Foreclosures of Massive Tupper ski space challenged in court docket

The slopes of the Big Tupper ski area on Mount Morris can be seen from the other Raquette Pond in Tupper Lake in 2018. (Photo – Aaron Cerbone, Adirondack Daily Enterprise)

An attempt by Franklin County to foreclose the Big Tupper Ski Area has stalled in court as owners and pledges attempt to break the foreclosure.

Tupper Lake Business Group asked the city if they could lease the property from its current owners so that people can relax there again. Tupper Lake Town supervisor Patti Littlefield, who also sits on the Big Tupper Task Force of the Leisure Development Group, said she would look into this, but added that there are no guarantees that it will work out.

“There are more what-ifs than anything,” she said.

Tupper Lakers have been waiting for the mountain to reopen for 22 years, with the exception of a few winters that were volunteer-run. Some had hoped the city could buy it at a reduced price if the county closed the property off.

The city built the ski area in the 1960s and operated it for two decades until it sold the property in 1987. Local businessmen Peter Day and LeRoy Pickering kept it going until they closed it in 1999 and it fell into disrepair.

In 2003, developers Michael Foxman and Tom Lawson planned to revitalize the ski area and build a resort and luxury home, the Adirondack Club and Resort, on it and the surrounding land. But after deadlocks from government agencies and lengthy legal disputes with environmentalists and creditors, the project ran out of momentum.

These litigation resulted in Foxman and Lawson owing hundreds of thousands of dollars in unpaid tax debt with Franklin County – the reason the county attempted foreclosure. In 2019, that debt totaled $ 393,198. Hundreds of thousands of dollars were also not paid to the law firms hired for these court battles – the reason for the liens that give law firms the right to own property instead of debt.

For several winters, volunteers have revived some parts of Big Tupper, but when the donated money ran out the mountain went dark.

The city has expressed an interest in buying the property from a possible foreclosure sale and has the first right to buy it from the county.

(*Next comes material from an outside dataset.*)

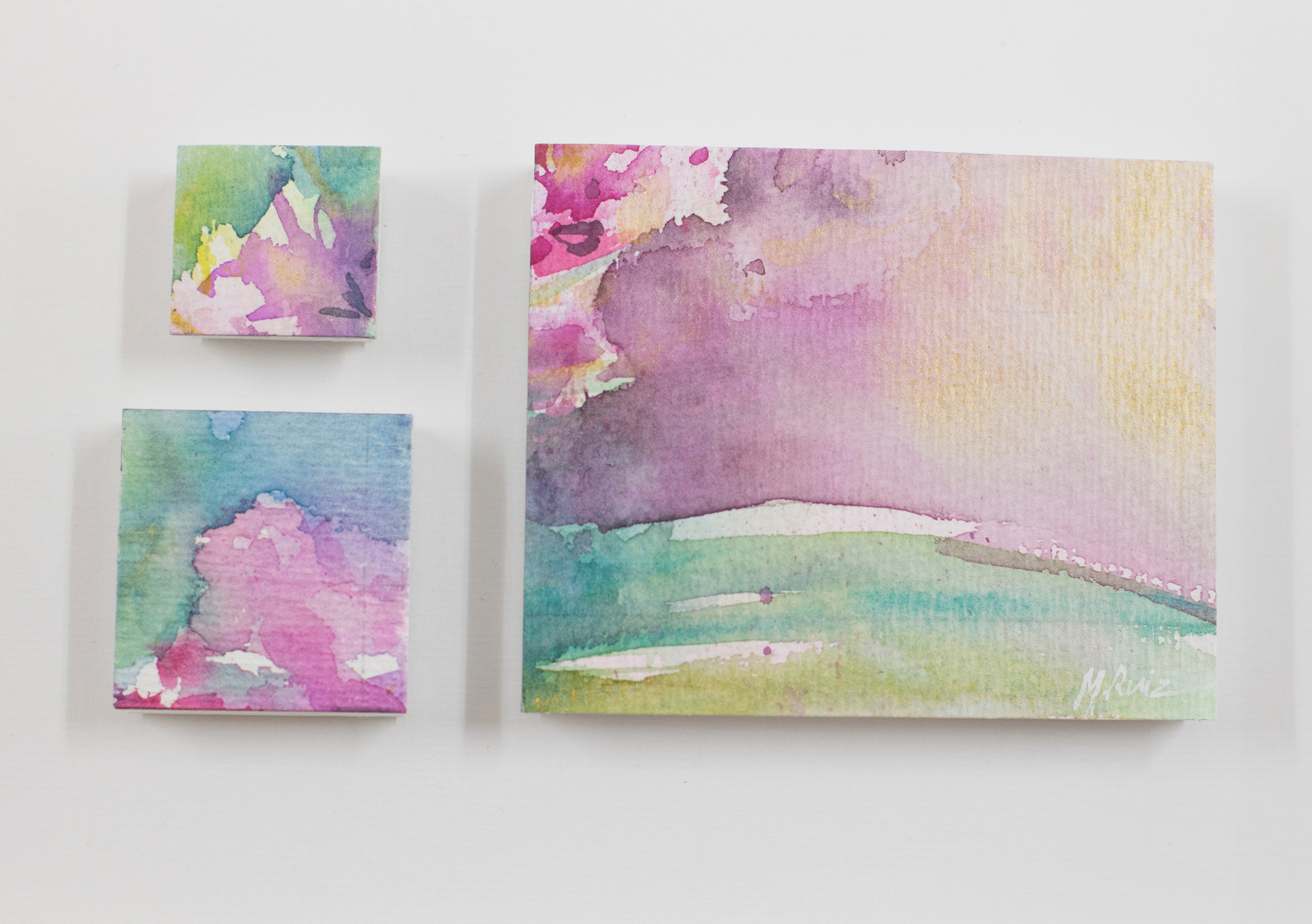 Esta acuarela es alegórica con colores fríos. Las medidas son de 20×22 cms.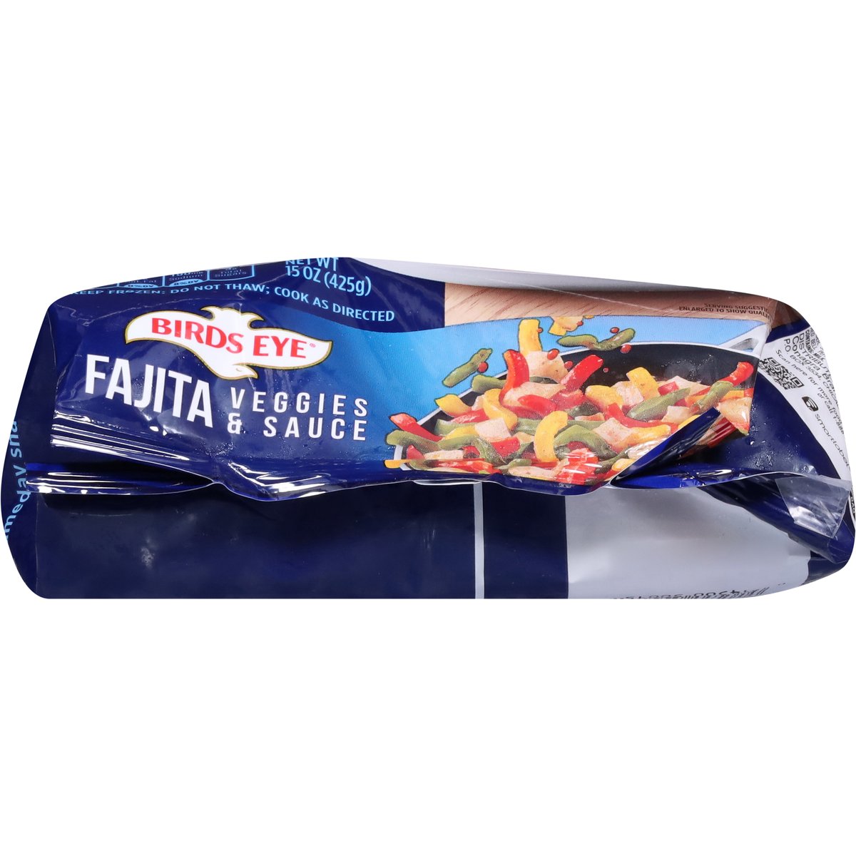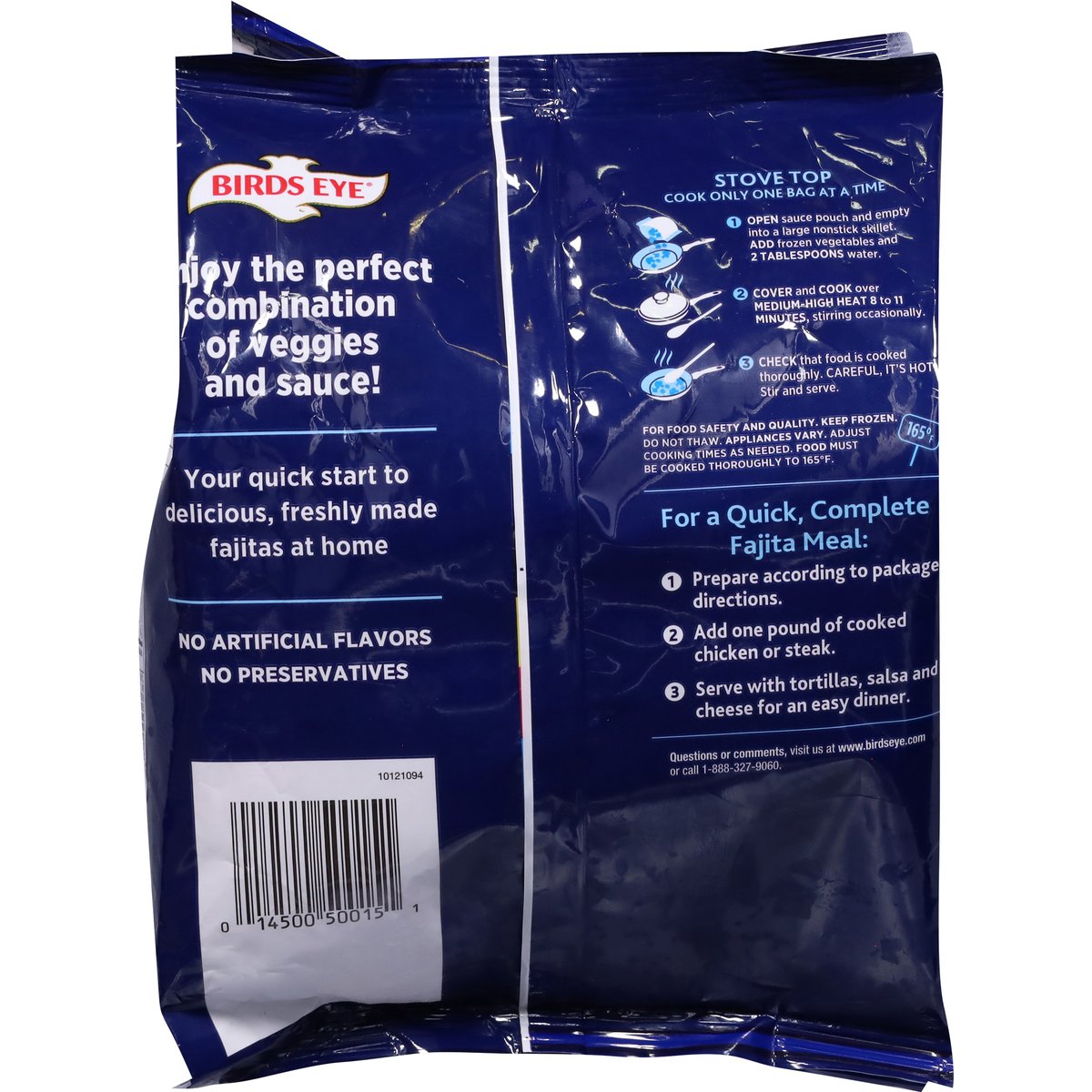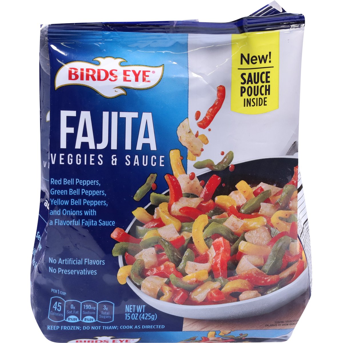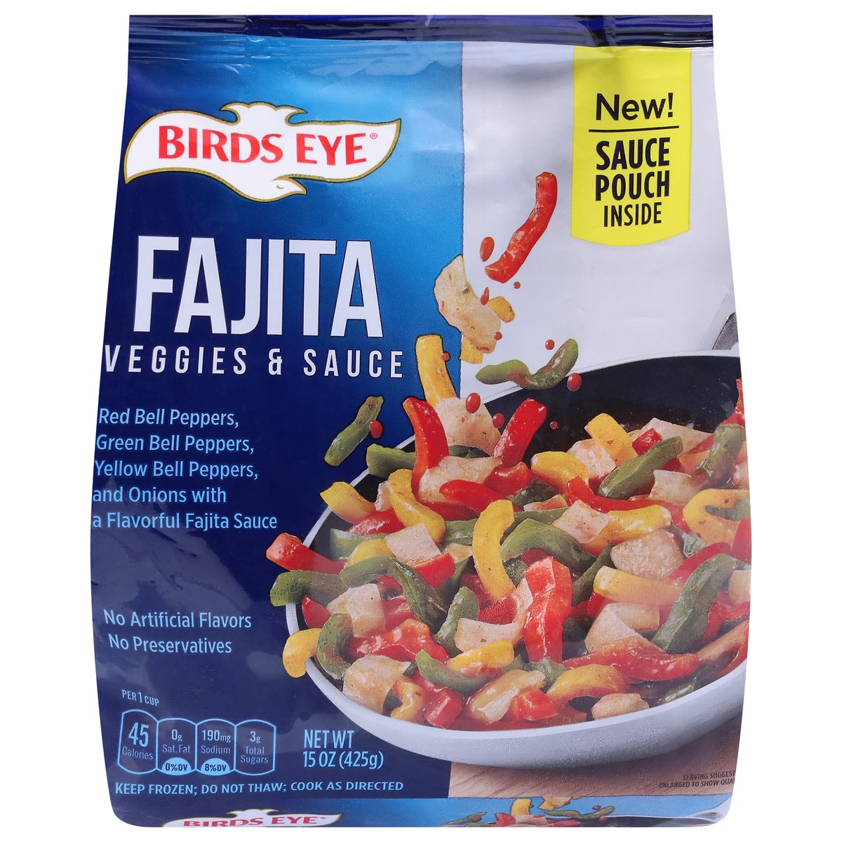 Red bell peppers, green bell peppers, yellow bell peppers, and onions with a flavorful fajita sauce. No artificial flavors. Per 1 Cup: 45 calories; 0 g sat fat (0% DV); 190 mg sodium (8% DV); 3 g total sugars. New! Sauce pouch inside. Enjoy the perfect combination of veggies and sauce! Your quick sauce to delicious, freshly made fajitas at home. www.birdseye.com. how2recycle.info. SmartLabel: Scan for more food information or call 1-888-327-9060. Questions or comments, visit us at www.birdseye.com or call 1-888-327-9060.

“That has been suppressed,” Littlefield said at a board meeting last week.

At least for now.

Real estate owners and law firms holding liens on the property have filed several service of answers with Franklin County Court contesting foreclosures on four properties – including the Mount Morris ski area and the location of a proposed marina on Big Tupper Lake. A reply service is a response to the foreclosure, and when this is the case, applicants try to dismiss the foreclosure.

Franklin County’s Treasurer Fran Perry said her office is working on a response in defense of the foreclosure proceedings and is confident it will be confirmed.

“Indeed, we obeyed all laws,” said Perry. “We’ll go and refute your point.”

The properties were removed from the immediate foreclosure list for a district auction in May, but not completely removed from the foreclosure list.

“It’s just a little delayed,” said Perry.

The lawsuits were filed by a number of real estate owners and law firms.

Foxman and Lawson companies own the four properties through Big Tupper LLC, Preserve Associates LLC, and Tupper Lake Boat Club LLC. ”

Perry said the LLCs received a tax certificate dating back to 2013 in January each year telling them they had delinquent taxes to pay, but the taxes were not paid.

“It’s a pretty normal occurrence,” Perry said of the response service. “I think it’s a delaying tactic.”

She said the answering service makes sure the county has dotted all “i” and “t” crossed.

The law firms Shanley, Sweeney, Reilly and Allen and Whiteman Osterman and Hanna, who provided services to the owners, also submitted responses. This also applies to Bleeker St. LLC, the estate of James Robert Treadwell and James Robert Treadwell, the Baxter Group, Raymond L. Struble and Brian R. McNaught, who have mortgage liens.

The response service alleges that the county did not provide a reason for the measure, did not start foreclosure within the correct timeframe, did not disclose the amount of unpaid property taxes in 2013 and 2014, and did not report payments from other sources for those taxes.

Perry said the county would file its response with Franklin County Judge Robert Main Jr. in May.

Meanwhile, Tupper Lake Business Group’s PR manager Dan McClelland, who also owns and publishes the Tupper Lake Free Press newspaper, is hoping the town can work out a lease agreement with the owners so it can be used for skiing. Hiking, biking and snowshoeing.

He said at the time that the town was running the ski center it leased the property from the Oval Wood Dish Corporation. This would be a return to that system, he said.

“At the moment, people are using the property anyway. You are entering the house, ”said McClelland. “We just want to see it in the hands of the city so that the city can pay for the insurance needed to bring it to the public’s attention.”

The group’s long-term goal is still to find a public or private body to develop and operate the ski area. By the time the ski lifts can be rebuilt, McClelland wants people to be able to go up and down the mountain.

“It seems a shame to have such a place in the community and not open it to the public,” said McClelland. “We just want the city to be in control of it in some way.”